[Excerpted data]:
══════

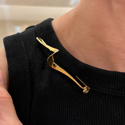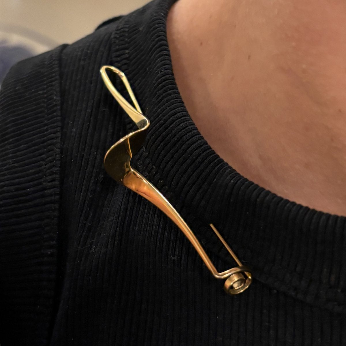 Estate Ronald Hayes Pearson Rare Forged 14K Gold Modernist Fibula Brooch
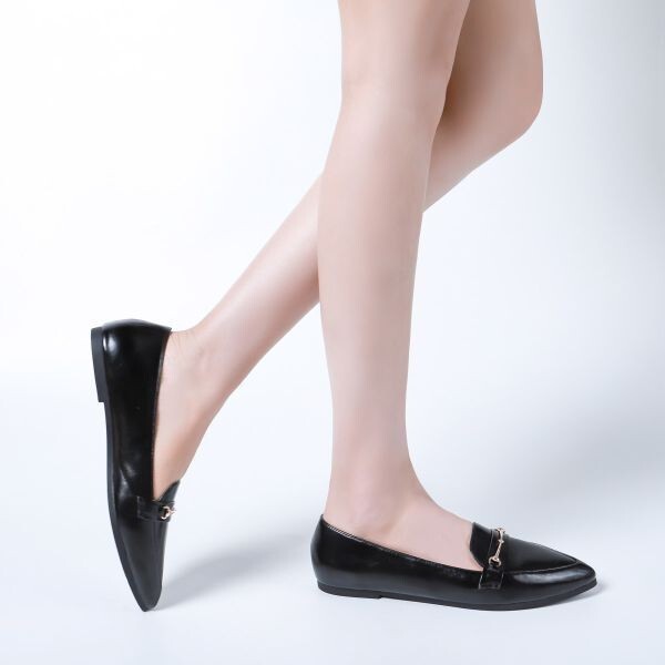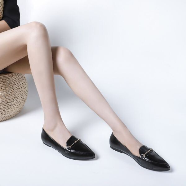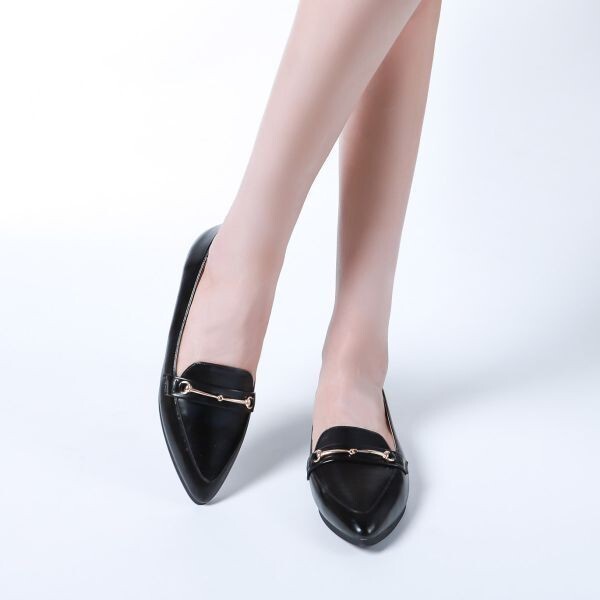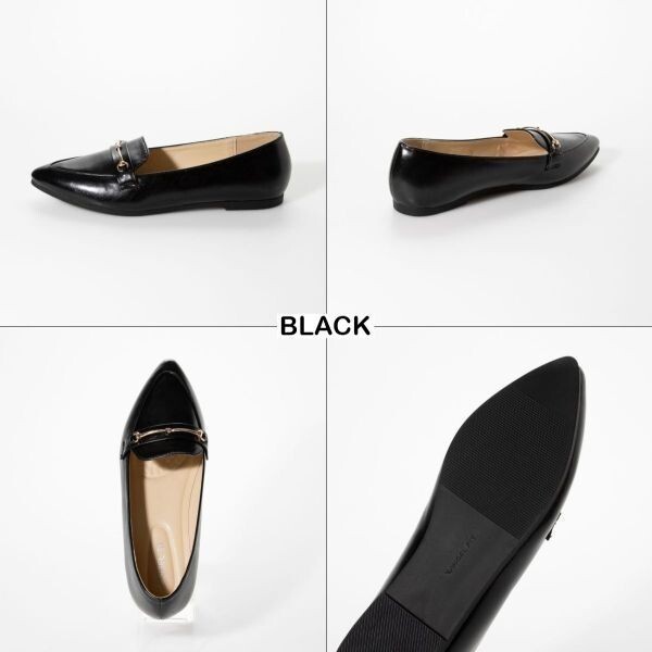 20442 アウトレット レディース フラットパンプス ブラック スムース 23.5cm ローヒール パンプス ポインテッドトゥ バレエシューズ
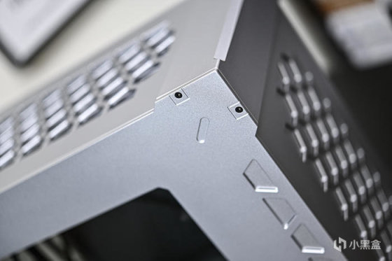 換個角度可以看到所有網孔邊緣均做了開孔處理,視覺上的角度看不出開孔,正面“無孔”讓前面板更具整體感。
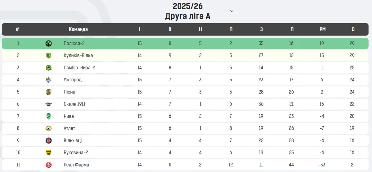 Завершилися усі поєдинки 16-го туру Другої ліги сезону 2025/26 в групах А та Б. Житомирське Полісся-2 та ковалівський Колос-2 очолюють турнірні таблиці.
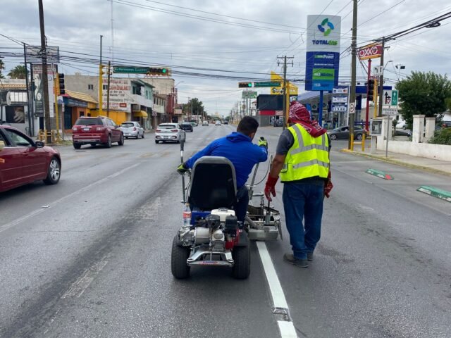 Como parte del programa de Cruzada por la Mejora Vial, la Coordinación General de Seguridad Vial a través de personal del Departamento de Control de Tráfico, está por finalizar los trabajos de aplicación de pintura termoplástica sobre la avenida Adolfo López Mateos, desde la calle David Herrera Jordán hasta el Eje Vial Juan Gabriel.
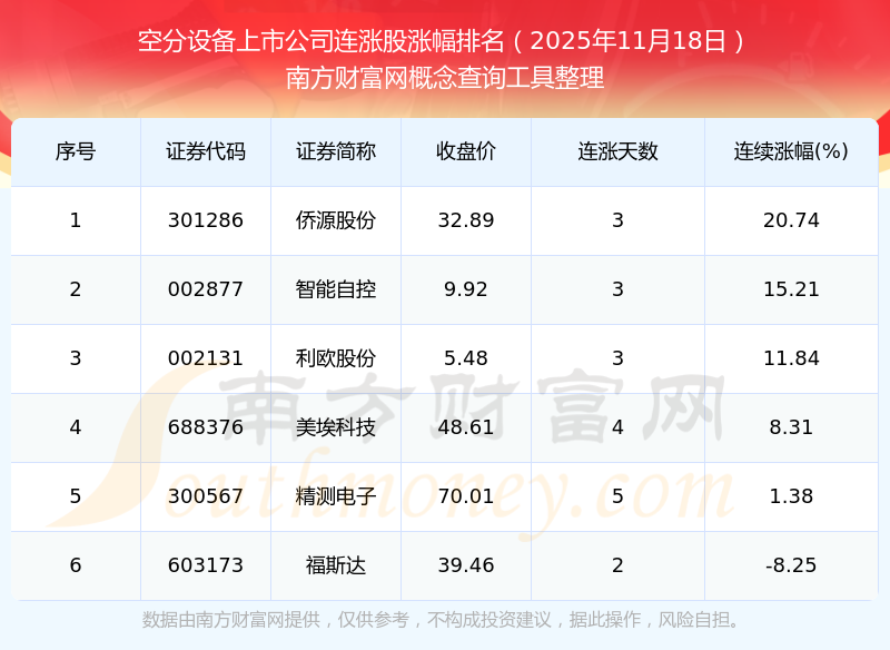 2025年11月18日空分設(shè)備上市公司連漲股漲幅排名
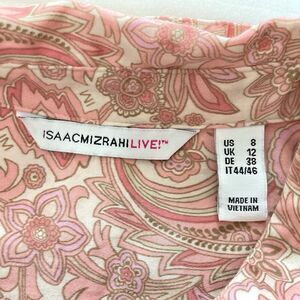 Isaac Mizrahi Live Button-Up Tunic Top Women's Size 8 Pink Tan Floral Long Sleeve
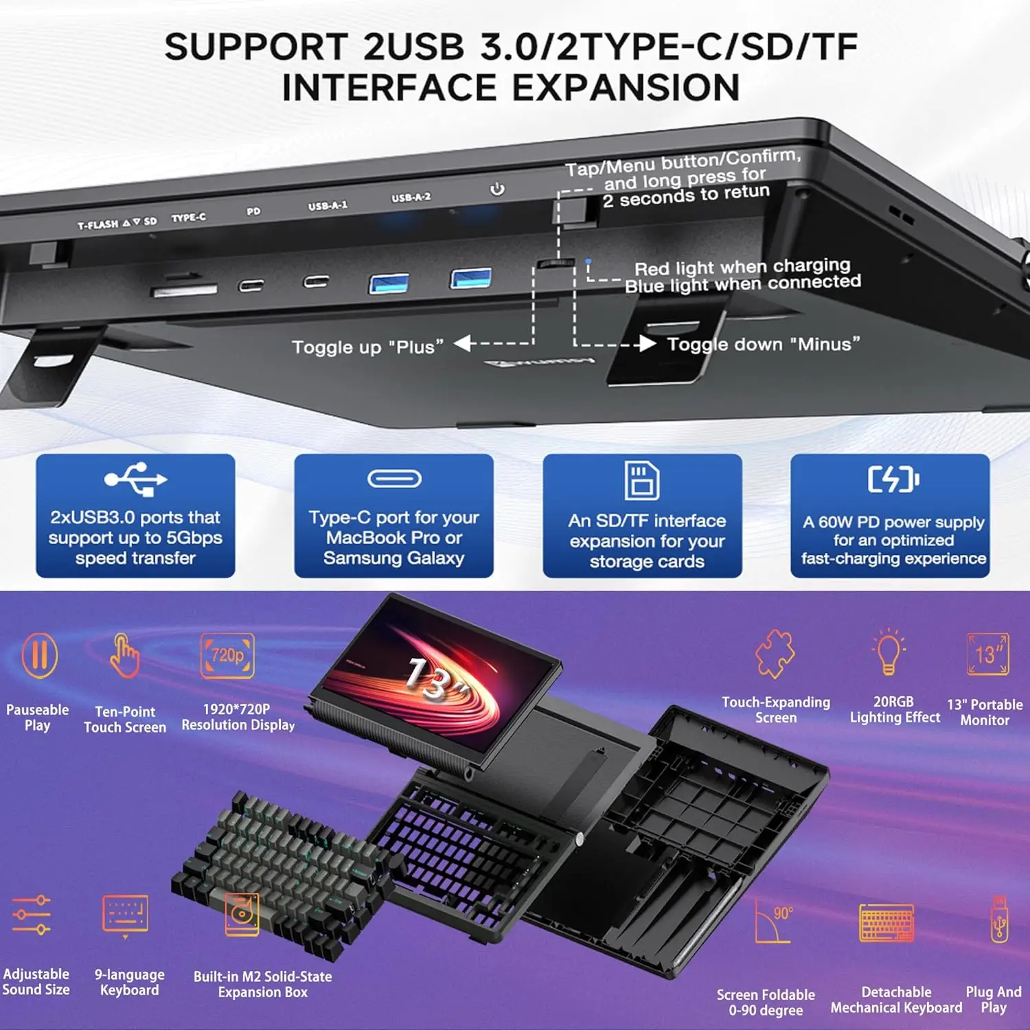 Overview: Upgrade your gaming setup with our 13-inch Touchscreen Gaming Mechanical Keyboard. This versatile device combines a keyboard and a touchscreen monitor, delivering an integrated experience perfect for multi-screen display work, keyboard input, HUB expansion, and M2 SSD interface expansion.

══════

[Your objective]: Using the data above, set down each line from the line with "換個角度可以看到所有網孔邊緣" to the line with "Завершилися усі поєдинки" exactly, both ends included, and leave the pictures behind. Nothing else belongs.

[Written answer]:
 換個角度可以看到所有網孔邊緣均做了開孔處理,視覺上的角度看不出開孔,正面“無孔”讓前面板更具整體感。
 Завершилися усі поєдинки 16-го туру Другої ліги сезону 2025/26 в групах А та Б. Житомирське Полісся-2 та ковалівський Колос-2 очолюють турнірні таблиці.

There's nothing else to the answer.